A couple of observations regarding RAID-6:

- RAID-6 arrays created on RHEL-6 don't seem backward compatible with 
CentOS-5.5.  This may or may not be expected behaviour, but it makes me 
wonder if forward compatibility might be a problem for those of us 
migrating large RAID-6 arrays from CentOS-5 to -6 systems.  The main 
observations are that the md superblock is declared bad, and I get those 
boot-time messages claiming the available blocks are less than the 
configured size.  As a result, the RAID arrays are not made available on 
CentOS-5.5.

- A total of 8 RAID-6 arrays in RHEL-6 are built with 2TB data disks 
plus a hot spare.  However, every time I boot the system some, but not 
all, of the hot spare partitions are randomly missing.  Using mdadm to 
manually add the spare partition back into an array always works.  There 
are 4 array partitions per disk, and the largest single array is just 
over 2 TBytes of useable space.  There are two groups of 5+1 drives 
spread across two SAS/SATA controller cards, and this random behaviour 
can occur on either one.  Rebooting gets me a different set of missing 
hot spare partitions.  The only error messages I get are the mdmonitor 
"missing spares event" emails ... nothing in dmesg.

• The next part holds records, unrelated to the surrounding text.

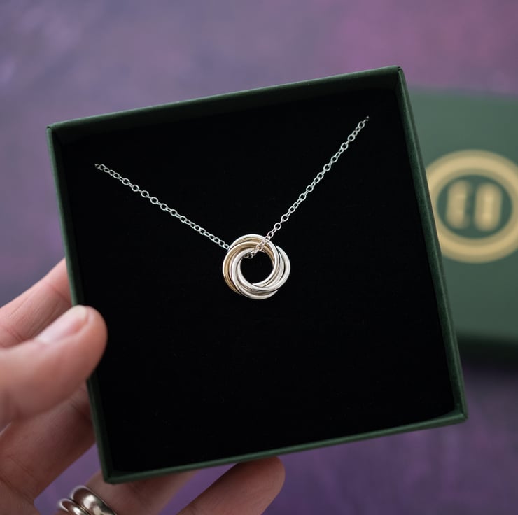 Each ring often symbolises a decade making it a special milestone gift as a 50th birthday necklace or Golden wedding anniversary necklace.
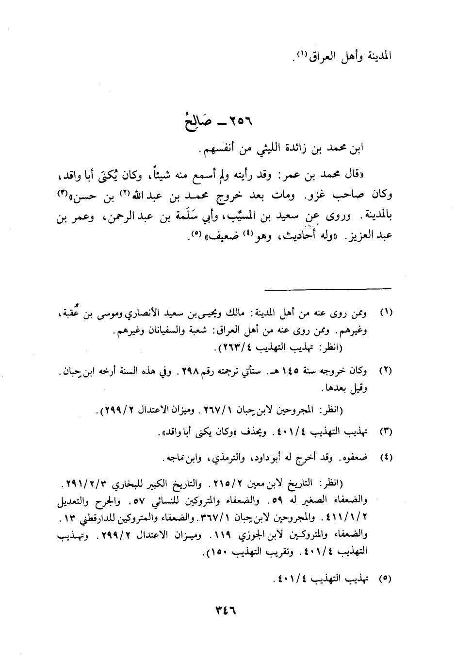 قَالَ مُحَمَّدُ بْنُ عُمَرَ: "وَقَدْ رَأَيْتُهُ وَلَمْ أَسْمَعْ مِنْهُ شَيْئًا، وَكَانَ يُكْنَى أَبَا وَاقِدٍ، وَكَانَ صَاحِبَ غَزْوٍ. وَمَاتَ بَعْدَ خُرُوجِ مُحَمَّدِ بْنِ عَبْدِ اللَّهِ2 بْنِ حَسَنٍ3 بِالْمَدِينَةِ". وَرَوَى عَنْ سَعِيدِ بْنِ الْمُسَيِّبِ، وَأَبِي سَلَمَةَ بْنِ عَبْدِ الرَّحْمَنِ، وَعُمَرَ بْنِ عَبْدِ الْعَزِيزِ. وَلَهُ أَحَادِيثُ، وهو4 ضعيف5.
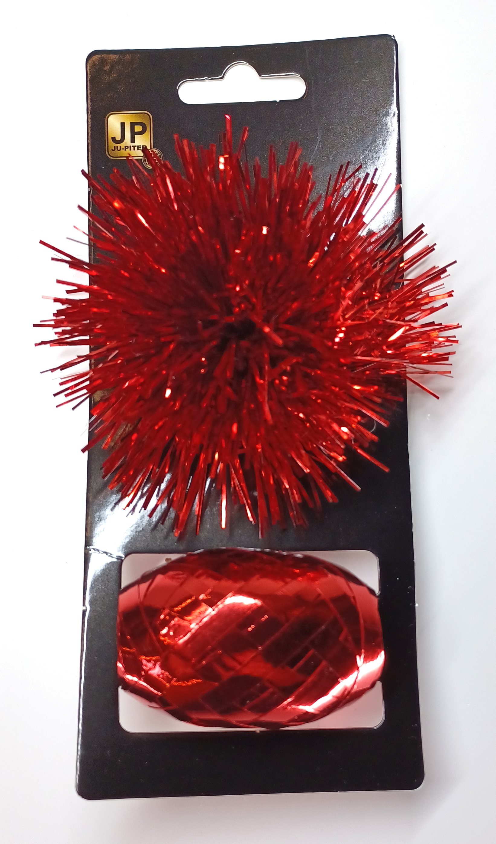 Znajdziesz w nim samoprzylepną rozetkę pompon , wstążkę nawiniętą na motek.
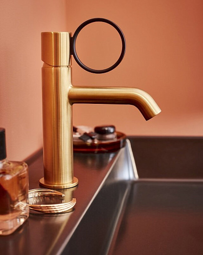 Смеситель для умывальника Vivienne Signature матовый, ручка черная, неповоротный излив, латунь, без донного клапана

The host OS has its own RAID-1 (+ hot spare) arrays on a separate set of 
disks and controller, and those arrays always come up correctly.

I've checked and double ckecked the mdadm.conf file to make sure the 
ARRAY, DEVICE and 'devices=....' statements are correct.  Using mdadm to 
shut down an array and then reassemble it always seems to work properly, 
but something random is happening at boot-time assembly.  It's only the 
hot spare partitions that don't appear, never the data partitions.  Weird.

I'm hoping CentOS-6 doesn't present me with the same problem.  Because 
I'm not a registered RHEL user, I don't have the ability to submit a bug 
report at RedHat.

Chuck